I sent a similar letter to my MP, Kwasi Kwateng, Minister of State for Business and Energy, and have just received his reply.  He says that the regulations were prepared following "extensive consultation"  and goes on to say:

"With regard to Para 3, section 4, my reading of the regulations is that EICRs will now specify if certain remedial work is necessary.  It will be up to the relevant qualified person undergoing the investigation to decide where and sometimes when this work will be necessary.  It will be up to the local housing authority decide (sic) if a private landlord is in breach of the duty this imposes, and not all the recommendations typically contained in an EICR will be classified as necessary remedial actions."

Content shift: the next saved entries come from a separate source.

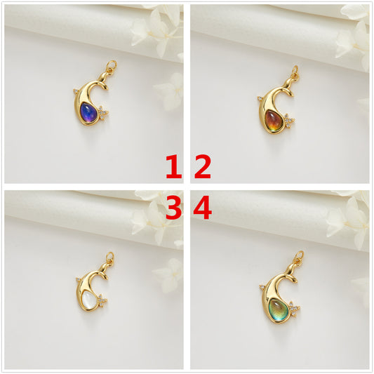 2 Delphin-Charm-Anhänger, Harz, Strass, verziert mit 14-karätigem GF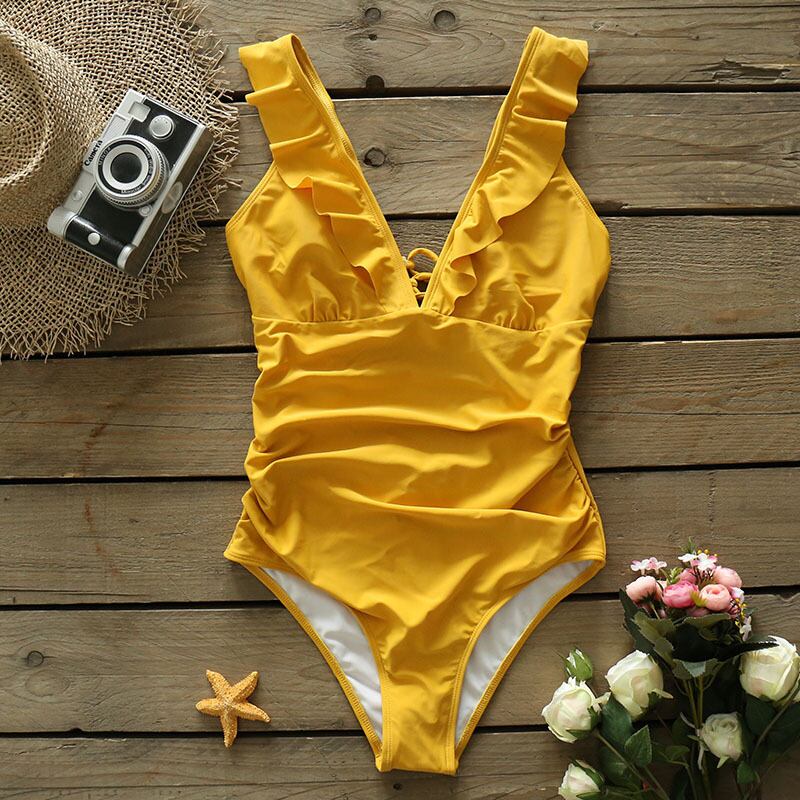 送料無料 SPORLIKE心臓発作ファルバラワンピース水着女性フリルVネックモノキニ2021ガールズビーチ水着水着S-2XL AE3553362440263052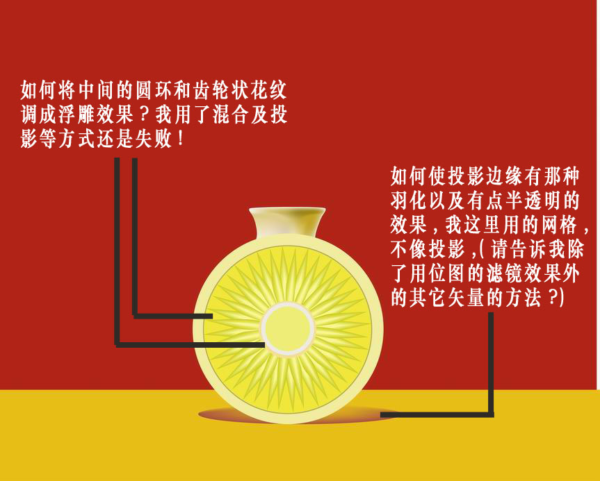 做浮雕,可以用做好的图形再复制一个,放上最上方,和原来的图形错开一距离,左错一下,上错一下,调到你满意的位置后,在两个图形中做调和,搞定。看你做的这个图,可以把复制的图形稍稍缩小一点再调和。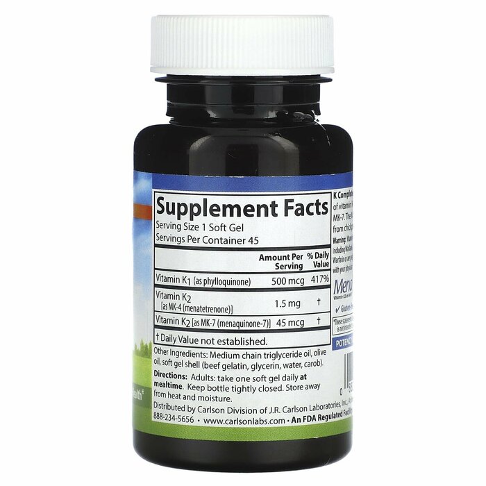K Complete provides the dynamic trio of vitamin K1, K2 as MK-4, and K2 as MK-7. The MK-7 in this formula is derived from chickpeas.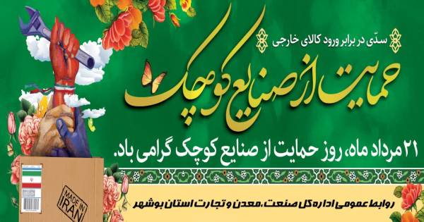 مدیرکل صنعت، معدن و تجارت استان بوشهر طی پیامی 21 مرداد ماه روز ملی حمایت از صنایع کوچک را تبریک گفت.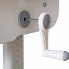 Высота стола регулируется с помощью червячного механизма ручкой, которую при сборке можно установить либо справа, либо слева.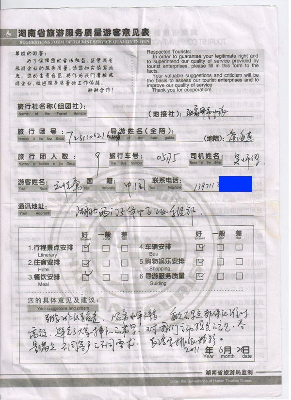 湖北劉先生一行9人旅游質(zhì)量回饋: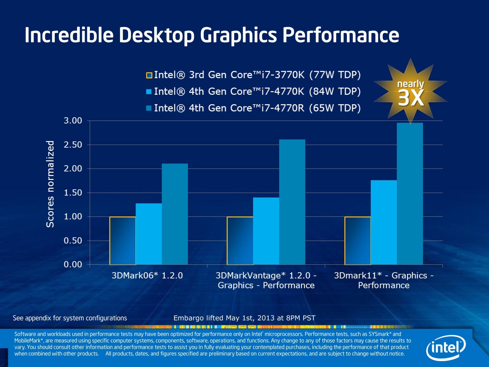 The Pro-level part really flexes its muscles in the desktop arena, where clock speeds are significantly increased and where there's much more thermal headroom. Intel's 3DMark 11 testing suggests a 3x performance boost over the HD 4000 graphic tech found in the current third gen Core "Ivy Bridge" processors when comparing the existing 3770K to the new 4770R, while the new 4770K gets a 1.8x increase. So what's the difference between the "R" and "K" offerings? Well, only the "R" chips get the eDRAM, the traditional "K" processors utilise existing system RAM, giving some idea of the performance boost the dedicated memory offers (and perhaps by extension, why Microsoft needed it for its next-gen console with GDDR5 off the table).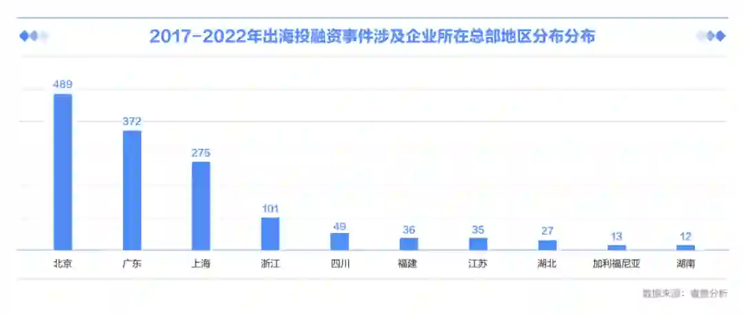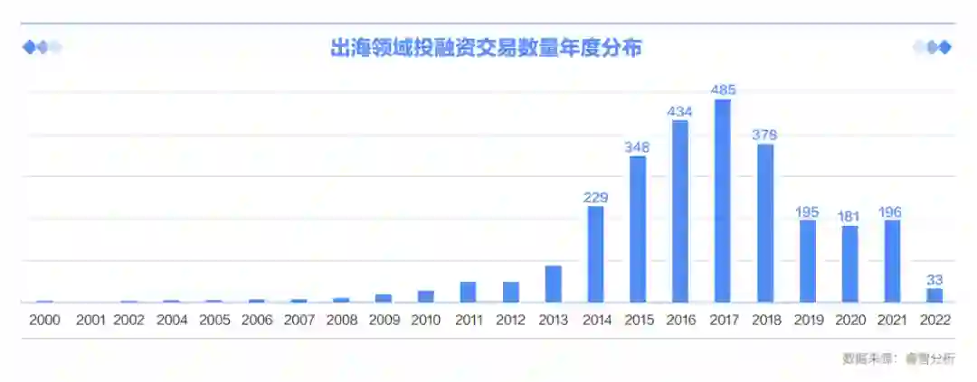 从资本布局来看,创业邦睿兽分析统计显示,近年来出海领域中国企业在2015-2018年间集中获投,资本持续押注,一改2013年之前资本在此领域尚未规模化的态势。2017年,出海领域有485件融资交易发生,达到近年来峰值。此后,在2019年呈现回落态势,但在2020年疫情爆发后,资本入局状态并未收缩,2021年出海领域发生196件融资交易,同比上年有小幅提升。获投数量规模趋稳定,对外辐射效应逐年扩大。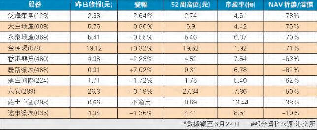 【香港商報網訊】多家大行預言樓價爆煲,只是樓價還是升個不停,中環核心商廈有價有市,住宅單位屢創新高。近月,一線發展地產股隨樓價跑出,二三線中小型地產股亦不遑多讓,大部分股價今年已升20%至30%。其實,港資地產股一直存在大折讓的問題,中小型地產股的折讓更嚴重,若以每股資產淨值(NAV)衡量,大部分股份屬超值,如果樓市繼續癲下去,NAV折讓大的地產股基本上越有上升潛力,泛海(129)及麗新(488)值得憧憬。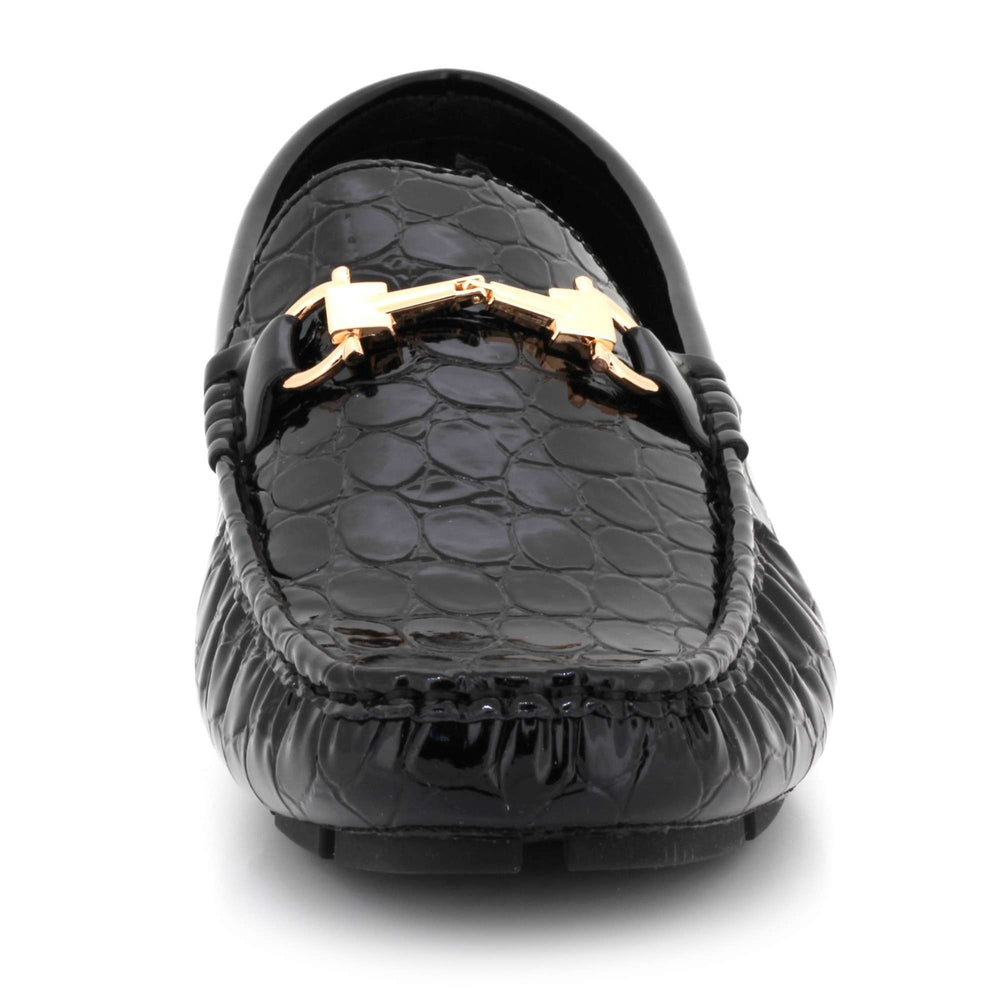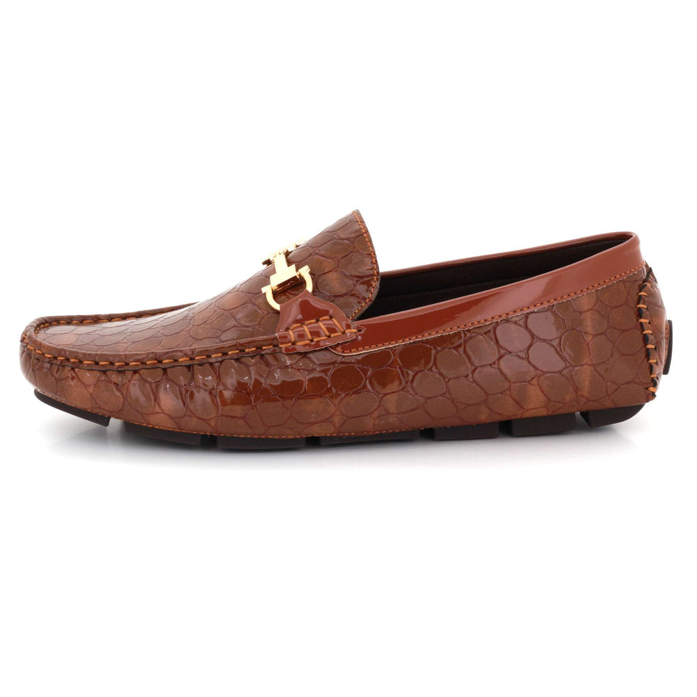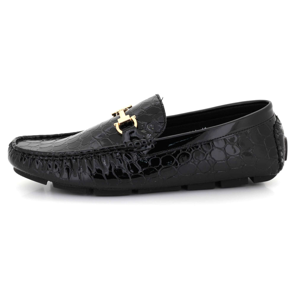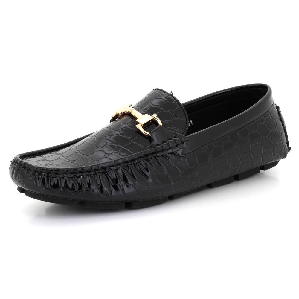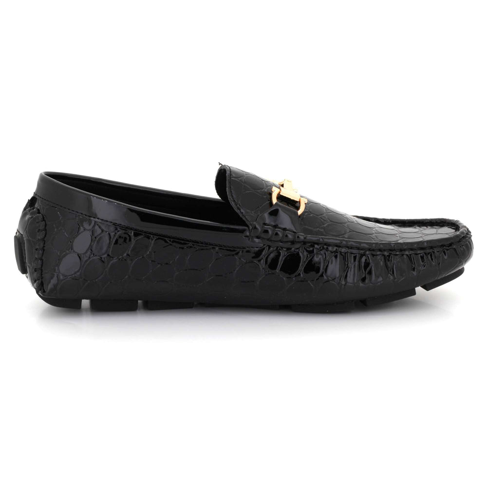 Elevate your everyday style with these men’s crocodile-texture faux leather loafers, designed for comfort, versatility, and standout elegance. Crafted with a premium embossed upper, they bring a luxurious appearance without sacrificing durability. The polished metal bit accent adds a refined detail that pairs effortlessly with trousers, chinos, or denim. Inside, a cushioned insole and smooth lining deliver prolonged comfort, making them ideal for walking, long drives, and daily wear. A lightweight, flexible outsole ensures slip resistance and natural movement, while the slip-on construction provides quick, easy wear. Perfect for work, casual outings, travel, or smart-casual events.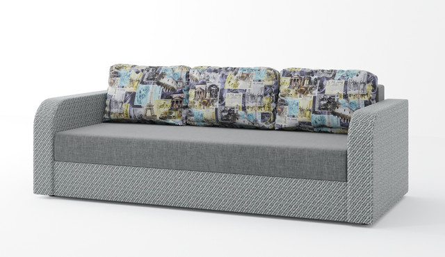 Габарити: 2300х1050х750 мм Спальне місце: 2000х1500 мм Висота посадкового місця: 440 мм У комплекті подушки: 3 шт (660х420х240 мм) Каркас: Натуральне дерево + ДСП |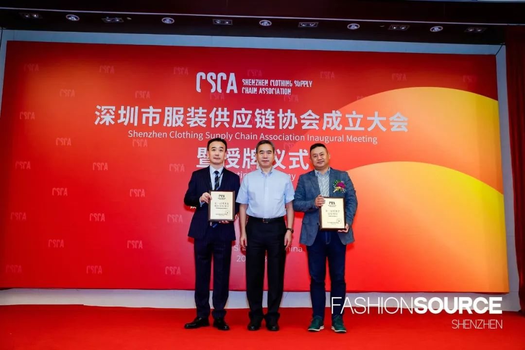 ▲張祥全執(zhí)行會長(深圳市鵬城展覽策劃有限公司董事長)為副會長杭州億佰服飾有限公司總經理鄒進文、深圳市盛軒實業(yè)有限公司總經理郝為民、深圳尚魔師紡織科技有限公司董事長何涵、深圳尚線科技有限公司總經理董耀華、顏諾國際時尚設計(深圳)有限公司總經理任志輝、深圳市頂尚紡織股份有限公司總經理黃振亞 、盈藝集團副總經理鄭華建、聚道獨立設計師平臺總經理卓洪波、深圳市蔻牌服飾有限公司董事長尹之軍、深圳市蝶訊網科技股份有限公司董事長賀鑫授牌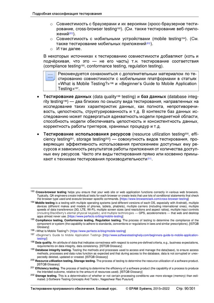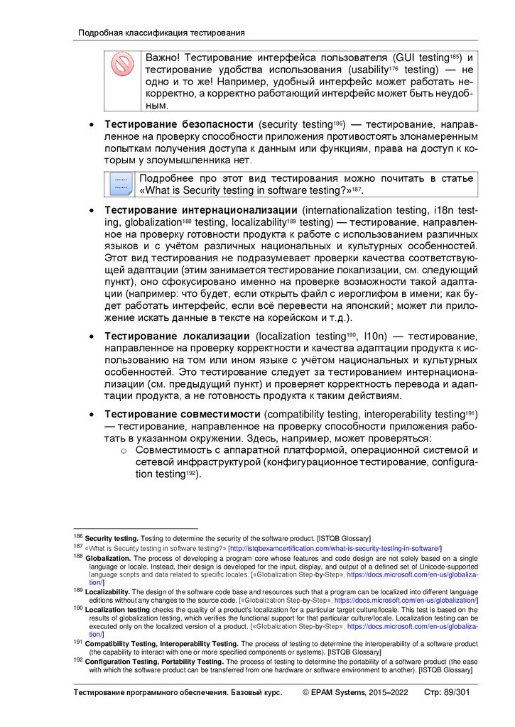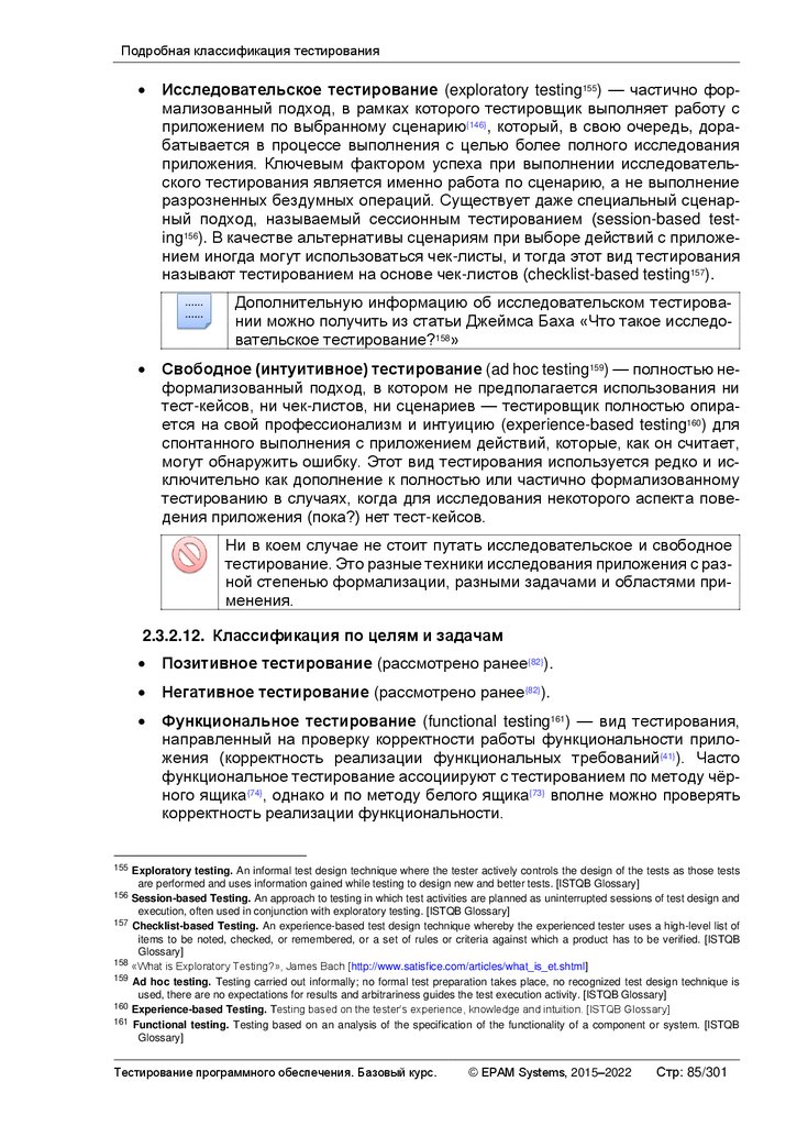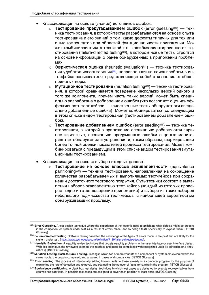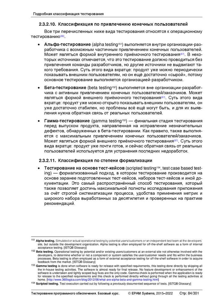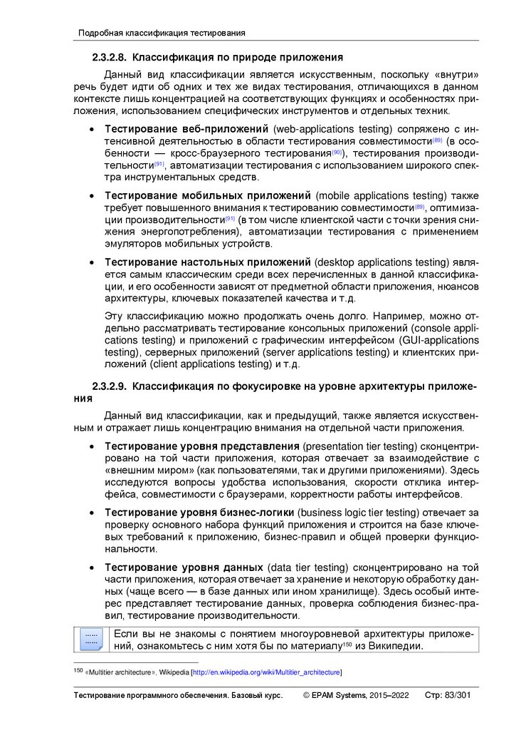 Альтернативные и дополнительные классификации тестирования ............ 103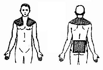 6. 领区反射治疗法:一个1000cm2披肩式电极置于领区,另一电极400cm2置于腰骶部(图2.2.10)。从6mA,6分钟开始,每隔一日增加2mA,2分钟,至16mA,16分钟为止。每日一次,12~16次为一疗程。

He also adds that he will pass the letter to the Minister for Housing, Communities and Local Government  for confirmation.

David
Chris Pearson 11001208764
1378 Posts

Chris Pearson:
Here is my letter to my MP - hope it is not too late!

I received a reply today.

"Dear Chris
 
Many thanks for your email and for sending through the attached document – please don’t worry about it being ‘lengthy and technical’!
 
I will write to the Minister to share your concerns direct, and I will write to you again when I receive a response.
 
Thank you again for taking the time to contact me about this.
 
Kind regards,
 
Caroline"
 
Sparkingchip 72796851
2272 Posts
It is, whether the landlords at the lower end of the market are on the ball is another matter.

Andy Betteridge 
Chris Pearson 11001208764
1378 Posts

Sparkingchip:
There is no denying that there is a huge number of private rented houses and flats that need some significant upgrading that is long overdue. 

Isn't that exactly the point?
Sparkingchip 72796851
2272 Posts
There is no denying that there is a huge number of private rented houses and flats that need some significant upgrading that is long overdue. 

The next eighteen months is potentially going to be a busy time for builders, maintenance guys, plumbers, window and insulation installers as well as electricians.

I had a look at the Energy Performance Certificate online for that flat and it's not just new storage heaters it needs.

I have done a lot of work for this landlord over the last ten years and when we have tidied flats up I made a point of replacing all the lighting with LED. This flat was tidied up eighteen months ago, but someone else did the electrical work as I was too busy,  the landlord commented this morning that the flat did not even get five stars on the EPC for low energy lighting as the other electrician didn't swap the lighting to LED.

Five stars for low energy lighting is not hard to achieve,  but it didn't happen here.

The EPC gives the estimated electric bills for this one bed flat as three years as over £7500 and says it could potentially be brought down to £3500. The performance rating is about as bad as it gets.

So a major refurbishment with new storage heaters and a satisfactory EICR in the next eighteen months are required to be able rent the flat out legally.  Otherwise it has to stay empty or be sold to an owner occupier. 

Andy Betteridge 
 
whjohnson 11001209847
290 Posts
Always follow the money - especially when new legislation is driven primarily by lobby groups or 'stakeholder's.
Nothing to do with enhanced electrical safety, just the money.